The trickier question is, will Sugar or Gnome be optimized for touch? Or, for that matter, will Android handle different sized devices well?

"The trickier question is, will Sugar or Gnome be optimized for touch? [...]"

Yes, they will. I am actually useing both on my Tablet. XInput2 is already implemented for Gnome 3 (Gnome 2.31 development) for multi-touch purpose and Sugar will not be that different

Well... I'm sure you can use Gnome with a touchscreen, but the iPad has demonstrated that you really want an entirely different style of user interaction... is Gnome going to do that?

"Well... I'm sure you can use Gnome with a touchscreen, but the iPad has demonstrated that you really want an entirely different style of user interaction... is Gnome going to do that?"

Gnome-shell is an indication about Gnome future which i am daily use.
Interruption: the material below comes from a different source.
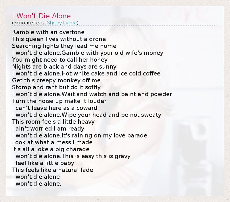 Ramble with an overtone This queen lives without a drone Searching lights they lead me home I won't die alone.Gamble with your old wife's money You might need to call her honey Nights are black and days are sunny I won't die alone.Hot white cake and ice cold coffee Get this creepy monkey off me Stomp and rant but do it softly I won't die alone.Wait and watch and paint and powder Turn the noise up make it louder I can't leave here as a coward I won't die alone.Wipe your head and be not sweaty This room feels a little heavy I ain't worried I am ready I won't die alone.It's raining on my love parade Look at what a mess I made It's all a joke a big charade I won't die alone.This is easy this is gravy I feel like a little baby This feels like a natural fade I won't die alone I won't die alone.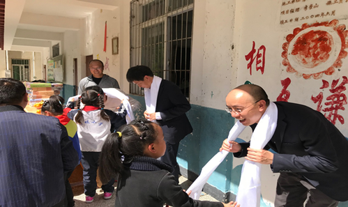 分中心负责人参加了捐赠仪式并发言,他鼓励学生们要志存高远,努力学习,勇于面对困难,等学成之时,要回报社会,建设家乡,为祖国作出应有的贡献。学生代表们也为捐赠代表献上了洁白的哈达以表感激。

All component necessary for user interactions for either stylus and touchscreen are in place. Hardware 3D might an issue but it should be fine for future XO-3 assuming it can, otherwise the traditional Gnome 2 interface will be displayed as fall back.
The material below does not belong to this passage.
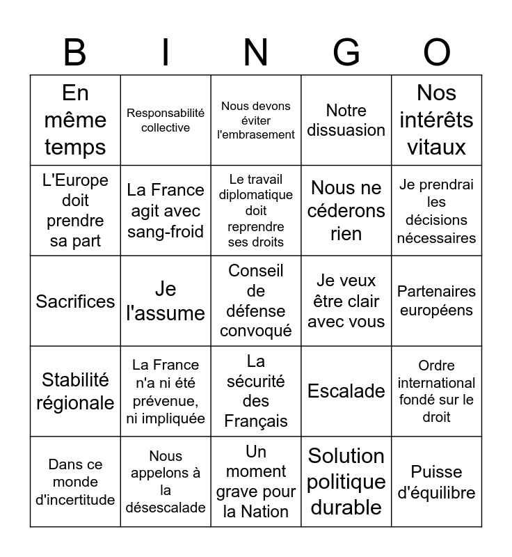 This bingo card has a free space and 24 words: La France n'a ni été prévenue, ni impliquée, Nous appelons à la désescalade, Le travail diplomatique doit reprendre ses droits, Dans ce monde d'incertitude, Nos intérêts vitaux, En même temps, L'Europe doit prendre sa part, Responsabilité collective, Je veux être clair avec vous, La sécurité des Français, Nous ne céderons rien, Sacrifices, Escalade, Ordre international fondé sur le droit, La France agit avec sang-froid, Solution politique durable, Partenaires européens, Nous devons éviter l'embrasement, Je prendrai les décisions nécessaires, Je l'assume, Puisse d'équilibre, Stabilité régionale, Notre dissuasion and Un moment grave pour la Nation.

I think Nicholas Negroponte talks about Android in the PC World interview.

Sugar learning features could be apps on top of Android.

That kind of makes sense but... no more Python?

Sugar and GNOME will indeed need to be optimized for touch.

Sugar Activities in Python will remain so. Allowing for tinkering, to study and improve the code, is central to Sugar's education mission.

Sean.

Oh come ooon!
A K-6 OS/UI/Platform has "code modification" central to its educational mission???...
Who thought of it? Seriously!
And more specifically do YOU believe that this is Sugar's central educational issue/contribution???

I'm sorry if I wasn't clear. Yes, tinkering - clicking on stuff, making things happen, completing a task... working out a puzzle; looking at code. Fundamentally, a computer is about a person getting the machine to do what she wants. Discovering how it works is part of that. The XO-1 and Sugar were designed to be as open as possible.

So will every child using Sugar become a Linus Torvalds? Of course not. But... some of them will. We'll know in a few short years. If only 1 percent of XO-1 learners become engineers, that means there will be many thousands of them.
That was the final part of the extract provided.